▶ _Input data_
+ + + +

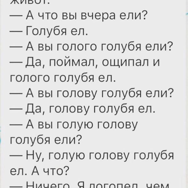 - Голубя ел . - А вы голого голубя ели? - Да, поймал, ощипал и голого голубя ел . - А вы голову голубя ели? - Да, голову голубя ел . - А вы голую голову голубя ели? - Ну, голую голову голубя ел . А что . . .
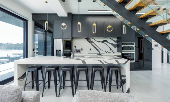 From the moment you step through the gated entrance and private driveway, Liquid Villa East feels like your own boutique resort. Floor-to-ceiling glass walls flood the villa with natural light and frame Chalk Sound’s vibrant blue waters, creating a backdrop as striking as the villa’s design itself.
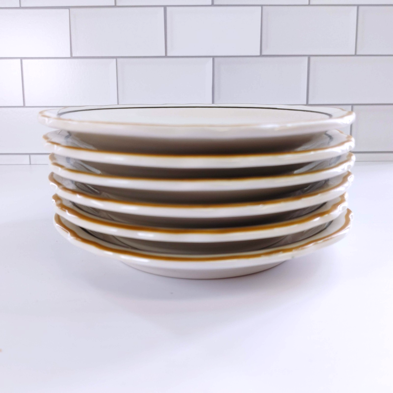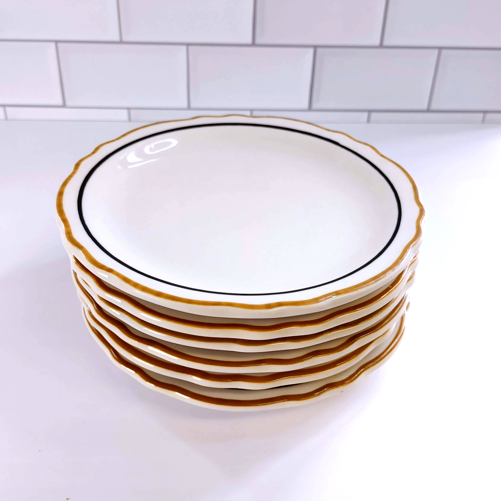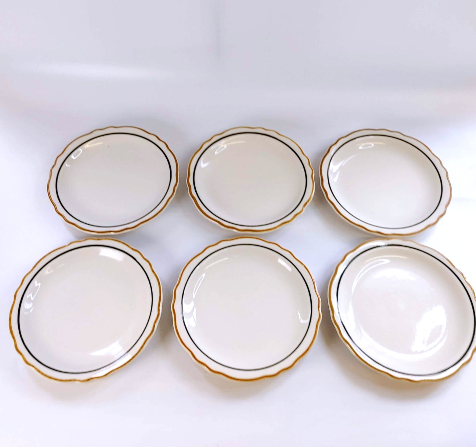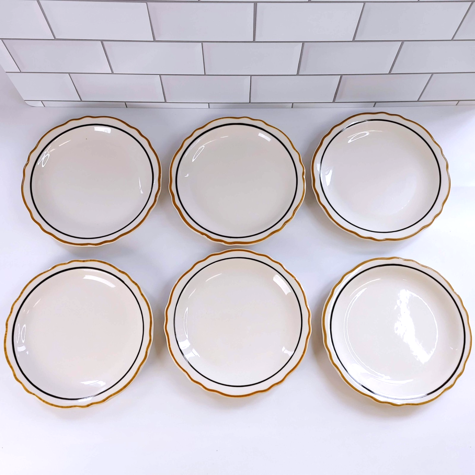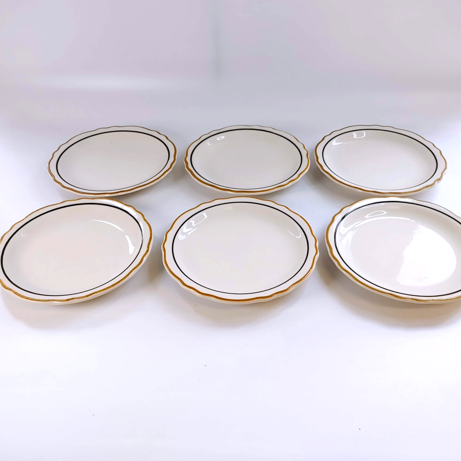 Up for sale is a beautiful set of six (6) Homer Laughlin Salad Plates in the elegant Dorado pattern. These 6.5" plates feature a crisp white body accented by a sophisticated double band of gold and black, making them perfect for both professional restaurant use or a refined home table setting.

+ + + +

Copy all the material above exactly, but skip each image.

▶ _Output below_
 - Голубя ел . - А вы голого голубя ели? - Да, поймал, ощипал и голого голубя ел . - А вы голову голубя ели? - Да, голову голубя ел . - А вы голую голову голубя ели? - Ну, голую голову голубя ел . А что . . .
 From the moment you step through the gated entrance and private driveway, Liquid Villa East feels like your own boutique resort. Floor-to-ceiling glass walls flood the villa with natural light and frame Chalk Sound’s vibrant blue waters, creating a backdrop as striking as the villa’s design itself.
 Up for sale is a beautiful set of six (6) Homer Laughlin Salad Plates in the elegant Dorado pattern. These 6.5" plates feature a crisp white body accented by a sophisticated double band of gold and black, making them perfect for both professional restaurant use or a refined home table setting.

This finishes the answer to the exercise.